Skip to contents

The goal of LogisticEnsembles is to perform a complete analysis of logistic data. The package automatically returns 36 models (23 individual and 13 ensembles of models)

Installation

You can install the development version of LogisticEnsembles like so:

devtools::install_github("InfiniteCuriosity/LogisticEnsembles")

Example

This is a basic example which shows you how to solve a common problem:

library(LogisticEnsembles)
Logistic(data = SAHeart,
    colnum = 10,
    numresamples = 2,
    how_to_handle_strongs = 1,
    do_you_have_new_data = "N",
    save_all_trained_models = "N",
    remove_ensemble_correlations_greater_than = 1.00,
    use_parallel = "N",
    train_amount = 0.60,
    test_amount = 0.20,
    validation_amount = 0.20)

Each of the 36 models returns a probability between 0 and 1. Each of the 36 models fit the data to the training set, make predictions and measure accuracy on the test and validation sets.
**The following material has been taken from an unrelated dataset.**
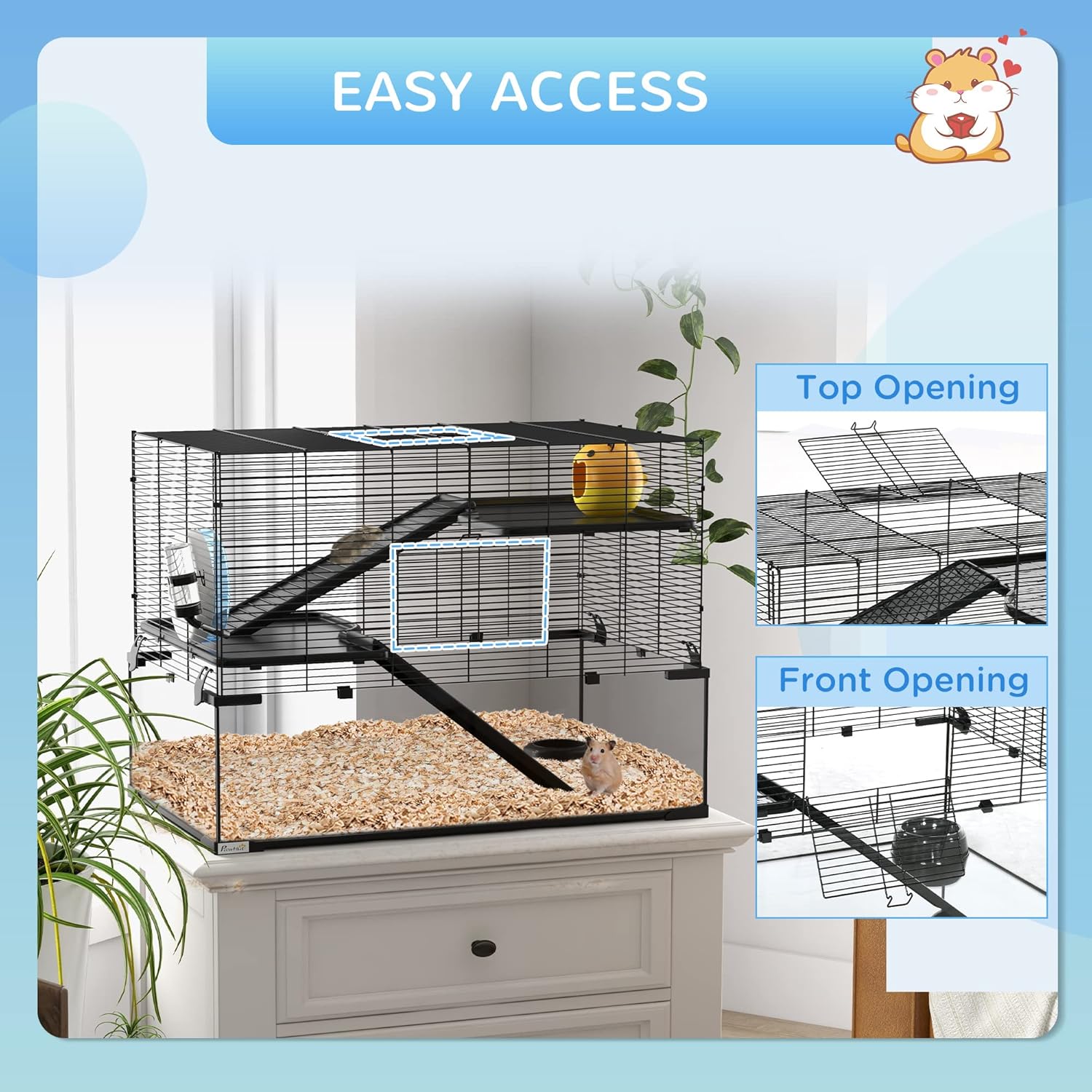 - Easy Cleaning and Access: The big hamster cage's frame attaches to the glass bottom with clips, making disassembly quick and cleaning hassle-free. A front door and a top opening provide easy access to your pet.

The list of 36 logistic models:

  1. ADA Boost
  2. Bagged Random Forest
  3. Bagging
  4. BayesGLM
  5. BayesRNN
  6. C50
  7. Cubist
  8. Ensemble ADA Boost
  9. Ensemble Bagging
  10. Ensemble C50
  11. Ensemble Gradient Boosted
  12. Ensemble Partial Least Squares
  13. Ensemble Penalized Discrminant Analysis
  14. Ensemble Random Forest
  15. Ensemble Ranger
  16. Ensemble Regularized Discrminant Analysis
  17. Ensemble RPart
  18. Ensemble Support Vector Machines
  19. Ensemble Trees
  20. Ensemble XGBoost
  21. Flexible Discriminant Analysis
  22. Generalized Additive Models
  23. Generalized Linear Models
  24. Gradient Boosted
  25. Linear Discrmininant Analysis
  26. Linear Model
  27. Mixed Discrmininant Analysis
  28. Naive Bayes
  29. Penalized Discrminant Analysis
  30. Quadratic Discrmininant Analysis
  31. Random Forest
  32. Ranger
  33. RPart
  34. Support Vector Machines
  35. Trees
  36. XGBoost

The 13 plots automatically created by the package are:

  1. Target vs each feature (multiple barcharts)
  2. Boxplots of the numeric data
  3. Over or underfitting barchart
  4. Duration barchart
  5. Overfitting by model and resample
  6. Model accuracy barchart
  7. Accuracy by model and resample
  8. Accuracy by model
  9. ROC curves
  10. Pairwise scatterplots
  11. Correlation of the data as circles by color and size
  12. Correlation of the data by color and number

The tables and reports automtically created: 1. Summary report. This includes the Model, Accuracy, True Postive, True Negative, False Positive, False Negative, Positive Predictive Value, Negative Predictive Value, F1 score, Area under the curve, overfitting min, overfitting mean, overfitting max, and duration. 2. Data summary 3. Head of the ensemble 4. Correlation of the ensemble 5. Correlation of the data 6. Head of the data frame

The package also returns all 36 summary reports, alphabetical by model.